=== Data for the task ===
==================================================

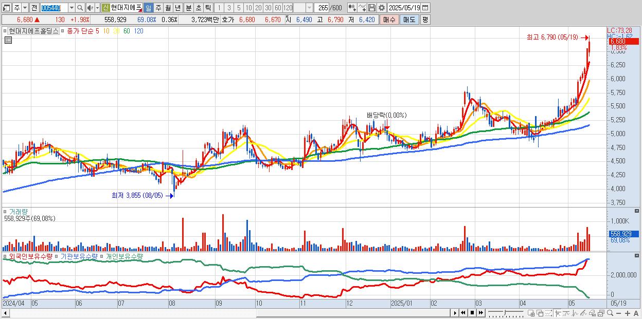 - 현대지에프홀딩스 (6,700원 ▲ 2.29% , 시총: 10,446억, 거래량: 399,625, 거래대금:27억, KOSPI)
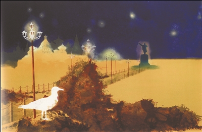 图为《星路远方》(李康 作),作品采用套色版画丝网技法,题材源于画家访问俄罗斯时,有感于“一带一路”的历史回望和新时代下伟大复兴的构想。冷暖色彩的强烈对比,昭示着星路下远方的希望与辉煌。(缇妮)
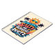 Front and center is the funky, feel-good quote, wrapped in sunny beach elements: a cool cartoon sun rocking shades, swaying palm trees, vintage surfboard, rolling ocean waves, and cheerful tropical accents like starfish and hibiscus blooms. It’s a whole summer mood — radiating happiness, heat, and high tides.
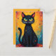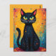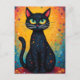 Diese bezaubernde Postkarte besticht durch eine hübsche schwarze Katze mit faszinierenden grünen Augen, die mit Neugier und Verspieltheit zu glänzen scheinen. Die rosa Nase und die zarten Whiskers sorgen für eine reizvolle Touch, während die aufwändigen Fellmuster einen strukturierten und künstlerischen Reiz erzeugen. Die Kulisse strotzt vor Energie und Dynamik und präsentiert eine bezaubernde Mischung aus warmen Gelbtönen und Orangen sowie beruhigender Blues, geschmückt mit skurrilen Blume und Sternen, die das Design mit magischer, traumhafter Qualität verbinden. Diese niedliche Postkarte eignet sich hervorragend, um Katzenliebhabern oder Kunstliebhabern Noten oder Gruß zu schicken.
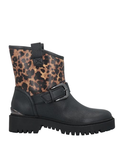 GUESS. biker ankle boots, coated fabric, leopard-print, brand logo, buckle, leather lining, round toe, square heel, rubber heel, lug sole, contains non-textile parts of animal origin. Textile fibres.
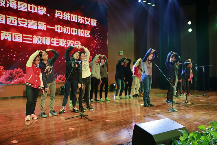 11月3日,我校为新加坡海星中学、丹绒加东女校师生,隆重举行了一场名为“两国三校联欢会”的活动。联欢会上,四校师生共同用极具特色的器乐演奏、美轮美奂的舞蹈、欢快高昂的歌声,在舞台上展现自己的同时,也为台下的四校师生带来了欢乐和轻松,表达了三国师生之间深厚的友谊。

==================================================

The result should be all the records, retyped exactly, with no pictures among them.

=== Result for this task ===
 - 현대지에프홀딩스 (6,700원 ▲ 2.29% , 시총: 10,446억, 거래량: 399,625, 거래대금:27억, KOSPI)
 图为《星路远方》(李康 作),作品采用套色版画丝网技法,题材源于画家访问俄罗斯时,有感于“一带一路”的历史回望和新时代下伟大复兴的构想。冷暖色彩的强烈对比,昭示着星路下远方的希望与辉煌。(缇妮)
 Front and center is the funky, feel-good quote, wrapped in sunny beach elements: a cool cartoon sun rocking shades, swaying palm trees, vintage surfboard, rolling ocean waves, and cheerful tropical accents like starfish and hibiscus blooms. It’s a whole summer mood — radiating happiness, heat, and high tides.
 Diese bezaubernde Postkarte besticht durch eine hübsche schwarze Katze mit faszinierenden grünen Augen, die mit Neugier und Verspieltheit zu glänzen scheinen. Die rosa Nase und die zarten Whiskers sorgen für eine reizvolle Touch, während die aufwändigen Fellmuster einen strukturierten und künstlerischen Reiz erzeugen. Die Kulisse strotzt vor Energie und Dynamik und präsentiert eine bezaubernde Mischung aus warmen Gelbtönen und Orangen sowie beruhigender Blues, geschmückt mit skurrilen Blume und Sternen, die das Design mit magischer, traumhafter Qualität verbinden. Diese niedliche Postkarte eignet sich hervorragend, um Katzenliebhabern oder Kunstliebhabern Noten oder Gruß zu schicken.
 GUESS. biker ankle boots, coated fabric, leopard-print, brand logo, buckle, leather lining, round toe, square heel, rubber heel, lug sole, contains non-textile parts of animal origin. Textile fibres.
 11月3日,我校为新加坡海星中学、丹绒加东女校师生,隆重举行了一场名为“两国三校联欢会”的活动。联欢会上,四校师生共同用极具特色的器乐演奏、美轮美奂的舞蹈、欢快高昂的歌声,在舞台上展现自己的同时,也为台下的四校师生带来了欢乐和轻松,表达了三国师生之间深厚的友谊。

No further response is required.